_Available data_
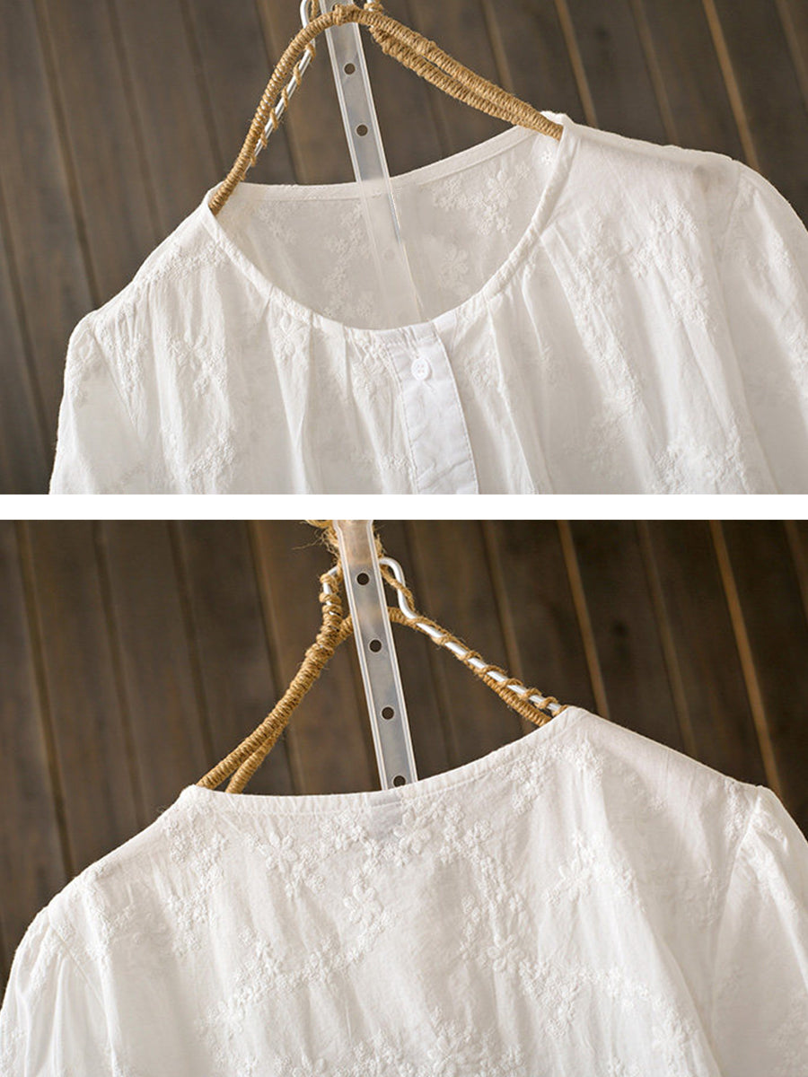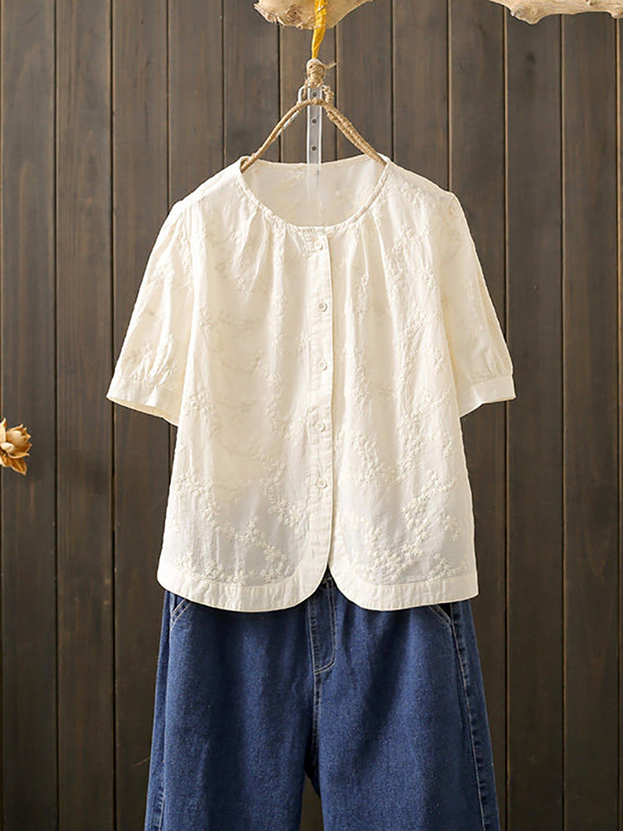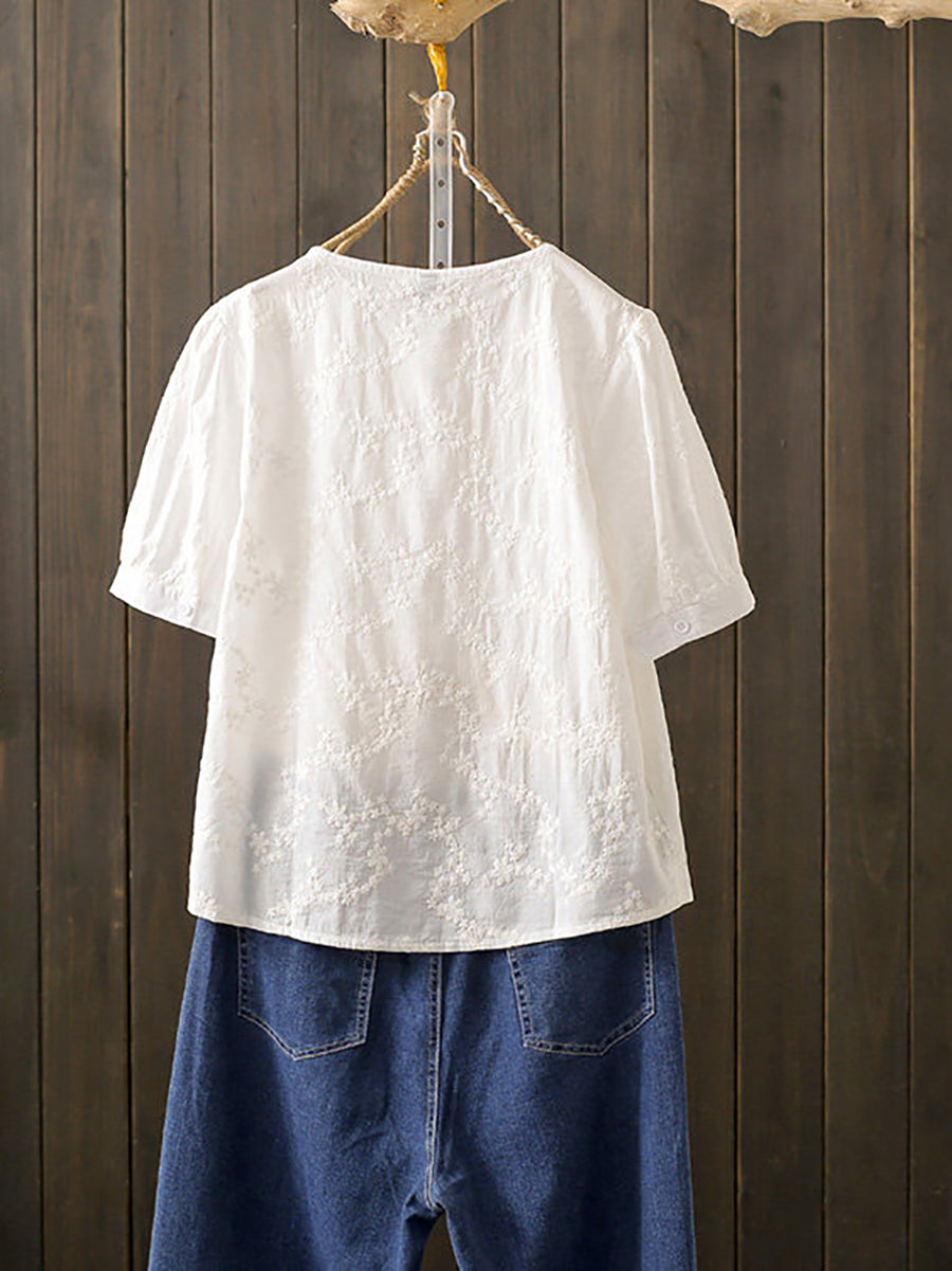 Women Summer Artsy Embroidery 100%Cotton O-Neck Blouse
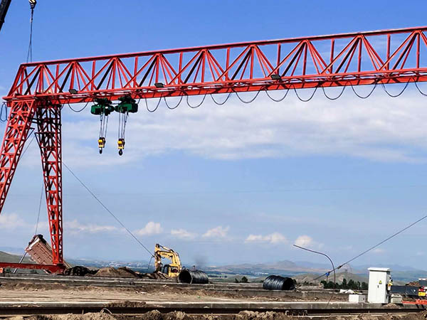 Mh型桁架電動(dòng)葫蘆門式起重機(jī)是中小型可帶懸臂的簡易門式起重機(jī),電動(dòng)葫蘆采用CDI、MDI等形式,主梁角鋼或是槽鋼與工字鋼焊接而成的組合梁,大車運(yùn)行機(jī)構(gòu)采用三合一驅(qū)動(dòng)裝置。其適用起重量為3-16t,適用跨度為10-26米,工作環(huán)境溫度在-25-+40℃范圍內(nèi)。其結(jié)構(gòu)簡單、安裝、使用、維修方便,多用于工廠、貨場、碼頭、水電站等頻度低或額定起重量起吊次數(shù)少的場所。有點(diǎn):貨期快、經(jīng)濟(jì)實(shí)惠;缺點(diǎn):使用中晃動(dòng)相對較大、工作級別低,不適用繁重場合。本起重機(jī)設(shè)有地面、操縱室和遙控三種操縱形式以供用戶選擇使用。
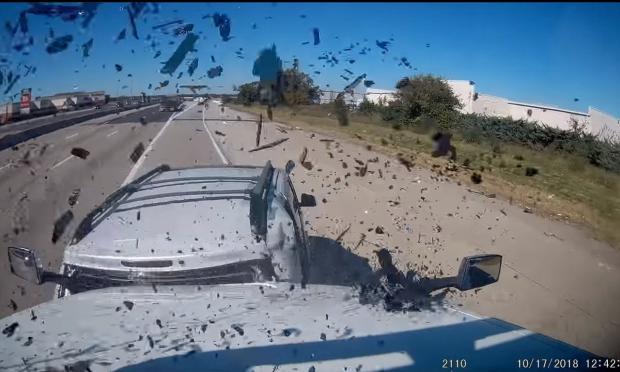 Ακολούθησε χάος, καθώς όλοι έκαναν ελιγμούς για να αποφύγουν το σταματημένο αυτοκίνητο. Με αποσπασμένη την προσοχή του, ο οδηγός της νταλίκας με την κάμερα στο ταμπλό δεν μπόρεσε να φρενάρει αρκετά κι έπεσε με δύναμη στο προπορευόμενο Toyota MPV, στέλνοντάς το για ράλι στα χώματα, ενώ από την άλλη μεριά, μια δεύτερη τεράστια νταλίκα ανατράπηκε προσπαθώντας να κάνει ελιγμό αποφυγής.

_Problem_
Line by line, output the material above exactly, passing over the pictures.

_Output for this exercise_
 Women Summer Artsy Embroidery 100%Cotton O-Neck Blouse
 Mh型桁架電動(dòng)葫蘆門式起重機(jī)是中小型可帶懸臂的簡易門式起重機(jī),電動(dòng)葫蘆采用CDI、MDI等形式,主梁角鋼或是槽鋼與工字鋼焊接而成的組合梁,大車運(yùn)行機(jī)構(gòu)采用三合一驅(qū)動(dòng)裝置。其適用起重量為3-16t,適用跨度為10-26米,工作環(huán)境溫度在-25-+40℃范圍內(nèi)。其結(jié)構(gòu)簡單、安裝、使用、維修方便,多用于工廠、貨場、碼頭、水電站等頻度低或額定起重量起吊次數(shù)少的場所。有點(diǎn):貨期快、經(jīng)濟(jì)實(shí)惠;缺點(diǎn):使用中晃動(dòng)相對較大、工作級別低,不適用繁重場合。本起重機(jī)設(shè)有地面、操縱室和遙控三種操縱形式以供用戶選擇使用。
 Ακολούθησε χάος, καθώς όλοι έκαναν ελιγμούς για να αποφύγουν το σταματημένο αυτοκίνητο. Με αποσπασμένη την προσοχή του, ο οδηγός της νταλίκας με την κάμερα στο ταμπλό δεν μπόρεσε να φρενάρει αρκετά κι έπεσε με δύναμη στο προπορευόμενο Toyota MPV, στέλνοντάς το για ράλι στα χώματα, ενώ από την άλλη μεριά, μια δεύτερη τεράστια νταλίκα ανατράπηκε προσπαθώντας να κάνει ελιγμό αποφυγής.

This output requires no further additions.